Таким образом, можно выделить следующие модусы трансформации: комплекс неполноценности → комплекс превосходства → паранойя. Они реализуются через соответствующие политические тропы: «низкопоклонство» → «национальная гордость» → «космополитизм». Наконец, их реализация происходит через следующие фигуры (жанры): патриотическая пьеса → «эпический» исторический нарратив → биографический фильм → антисемитский памфлет. Их объединяет принцип фабрикации: опасные социальные симптомы сфальсифицированы, поскольку «низкопоклонство» и «космополитизм» были симптомами не социальной, но сталинской травмы. Экстраполяция этой ложной симптоматики на все общество требовала глубокой деформации как актуальных политических событий, так и истории с целью симуляции болезни. Условием симуляции и результатом фальсификации как раз и являлось правдоподобие. Именно соцреалистическое «изображение жизни в формах самой жизни» – политико-эстетический иллюзионизм – оказывается адекватным стилистическим оформлением этой стратегии, которая различным образом реализуется в разных жанрах. И если результат этих репрезентационных усилий выглядел неправдоподобно, то вовсе не потому, что здесь использовались какие-то средства фантазии или формы условности, но потому что сталинизм как один из самых конспирологических режимов основывался на теориях заговора, в которых реальность отражалась полностью деформированной безо всякой фантастики. Оно было вполне фантастическим, как вообще фантастичен мир паранойи.

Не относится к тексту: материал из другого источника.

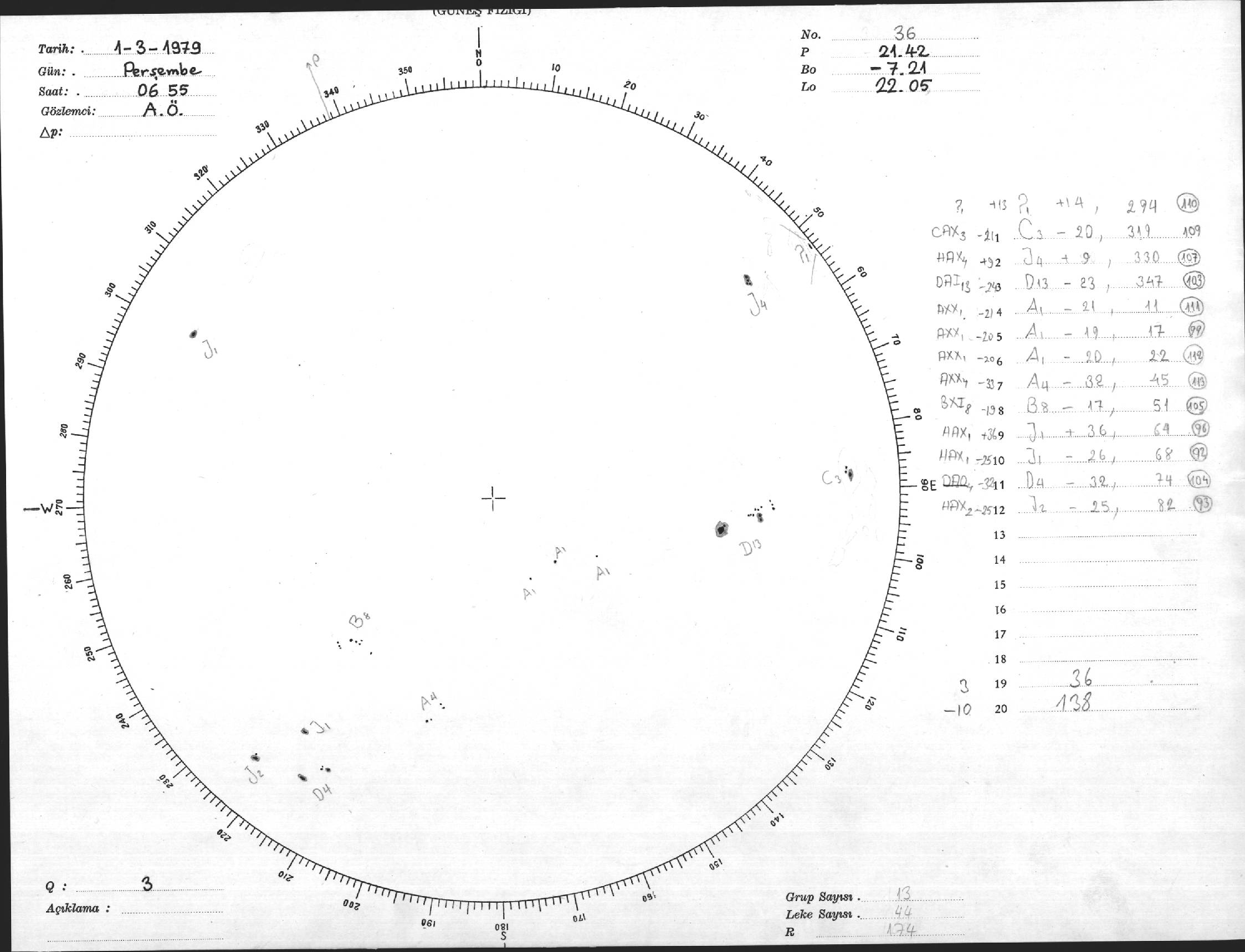 Güneş Lekesi Çizimi - 01.03.1979

Пока что мы лишь в начале этого пути. «И довольный произведенным эффектом, прогуливающийся вдоль бесконечного стола Сталин повторил то, с чего начал: „– Надо уничтожить дух самоуничижения, – и добавил: – Надо написать на эту тему произведение. Роман“. Я сказал, что это скорее тема для пьесы» [252]. Сам того не подозревая, Симонов изобрел в сталинском кабинете новый жанр драматургии – т. наз. «патриотическую пьесу».
Сценография паранойи: Патриотический театр абсурда
Хотя Симонов и открыл новый жанр, реализовалась идея поначалу в старом – в форме обычной производственной пьесы с обюрократившимся рутинером-начальником. Написал ее автор нашумевших в 1920‐е годы антинэпманских сатирических комедий «Воздушный пирог» и «Конец Криворыльска» исписавшийся к тому времени Борис Ромашов.